Выбор воды - страница 15



Стоя наверху, Любляну во взгляде не уместить – можно лишь зачерпнуть. Пока не спустишься, не услышишь, о чём внизу говорят, – может, аккордеон прочищает горло, может, новые ботинки стучат громче старых. Внизу же бродишь по равнине и не поднимаешь головы. Теперь твоё дело – смотреть на Любляницу и двигаться вдоль неё.

В котловине маршруты проложены так, чтобы ни один ребёнок не потерялся. А если он и обернётся вдруг на вершину, стоя на Петковшково набережной, – его окликнет мать, возьмёт за руку и переведёт через Тройной мост. Если ребёнок ещё не умеет ходить по Тройному мосту, он может свернуть на любой из шестнадцати других. Научится переходить реку по одному мосту, а там и остальные освоит. У каждого жителя Любляны в запасе должно быть умение переходить реку хотя бы по одному мосту, иначе придётся идти вброд.
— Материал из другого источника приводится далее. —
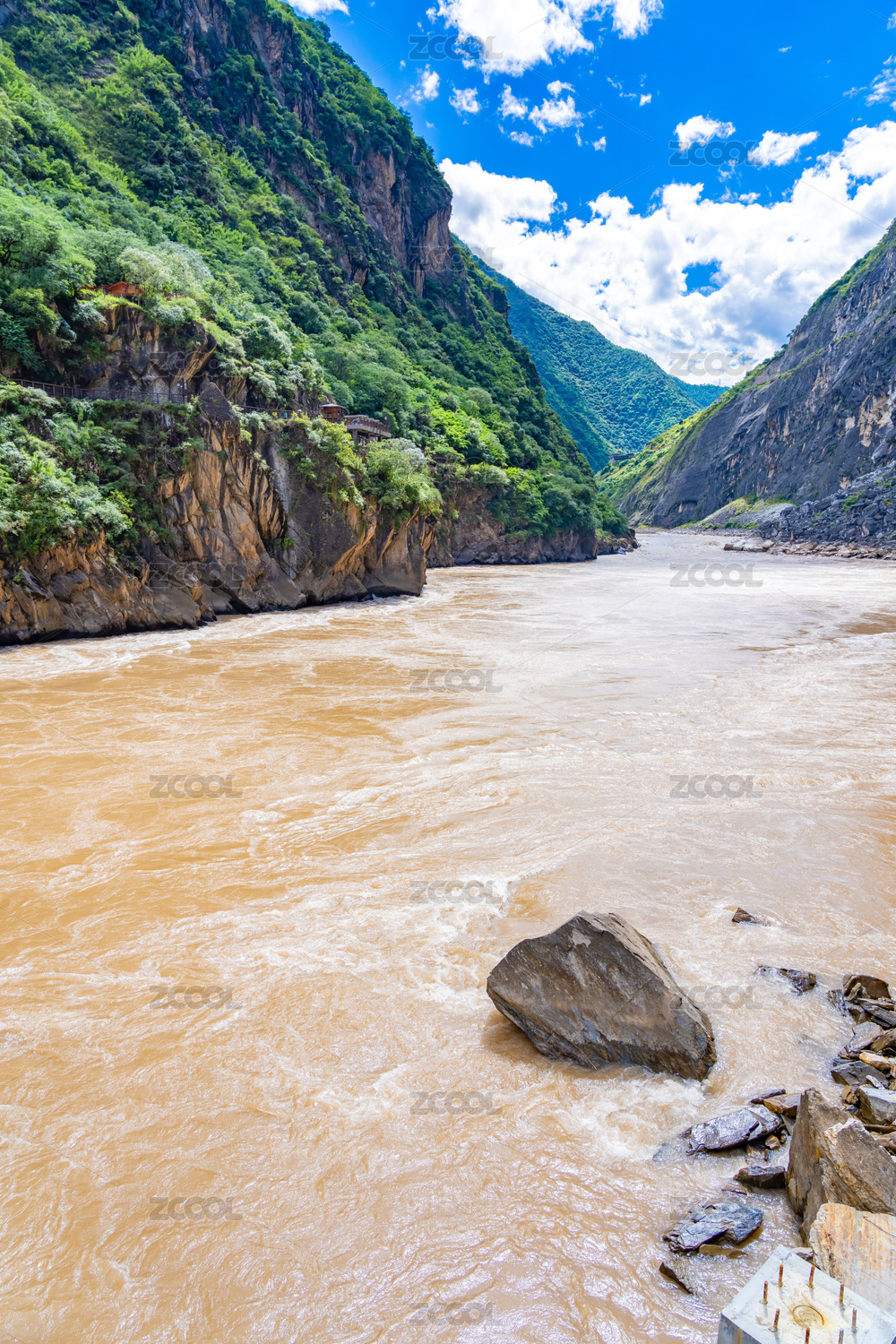云南省麗江市上虎跳峽金沙江汛期潮水

А если идти устал, в центре тебя подхватит зелёный «kavalir» – то ли электромобиль, то ли огромный жук, готовый подкинуть до рынка.

– Никогда не любил виды сверху. Зачем смотреть на что-то сверху? Город ведь не создавался для того, чтобы на него сверху смотрели. Людям обязательно надо забраться повыше и посмотреть на человечество с высоты… Можно подумать, они там не себя увидят, а кого-то другого. Или откроется тайна, с которой они смогут вернуться вниз и жить по-новому.

– Может, они, наоборот, пытаются убедиться, что всё так, как они и представляли? Сверху видно, как всё устроено.

– Зачем это видеть? Когда я ем рыбу, я не хочу видеть её кишки.

Нико протянул мне сетку.

– Вот этот – мой, – показал он на крайний улей в ряду. – Ну, как – мой. Я пока ещё только учусь.

– Часто сюда приходишь?

– Если хочется поговорить по-итальянски.

– Они понимают?

– Умеют слушать.

В сетках мы были как космонавты, высадившиеся на крыше.

– Много в Любляне пчеловодов?

– Больше трёхсот. Ульи стоят даже на здании «Radio Slovenia». Ставят на крышах, на террасах жилых домов, в садах. Этот отель – самая высокая точка с ульями в городе. В Любляне всегда что-то цветёт. Медоносы. Липа, каштаны, подсолнухи. Видела словенскую карниоланскую пчелу?

Достав из улья рамку, Нико подошёл ко мне.

– У карниоланских пчёл короткая шерсть и длинный язык. Для клевера пригодится. Трудолюбивая. Её ещё называют sivka[21], или гризли. Из-за коричневой расцветки и серых волосков.

– Не ужалит?

– Нет. Они спокойные. Возьми одну.

Нико посадил пчелу мне на руку. Та не двигалась, потом медленно поползла к локтю.

– Мой дед держал пасеку у дома. Он ведь избу переносил с яра на зады не только чтобы та в Волгу не рухнула, но и чтобы пчёлами спокойно заниматься. Чтобы соседей не жалили. Потом пчёлами занялся и отец.

Пчела подлетела к моему плечу.

– Ты ей нравишься.

Пчела уже перебралась на шею, разгуливая по татуировке с мостом в том месте, где задралась сетка.

– Чего она хочет?

– Хочет понять, можно ли тебе доверять.

Теперь пчела устроилась на сетке напротив глаз и замерла.

– Она не может ужалить через сетку?

– Нет.

– Почему она не двигается?

– Никогда не видела такого зверя, как ты.

Вернувшись на руку, пчела поползла по ладони. Щекотало что-то гигантское и неизвестное. Кулак машинально сжался – и гризли ужалила меня.

Бег по крыше – слабый ответ пчёлам, прогонявшим меня из своей квартиры.

Пчела впрыснула под кожу не яд, а каштановый мёд. Мёд резкой, а потом ноющей боли. Он густел, его аромат уводил, утешал.

Мы спустились в город, Нико купил мне мазь.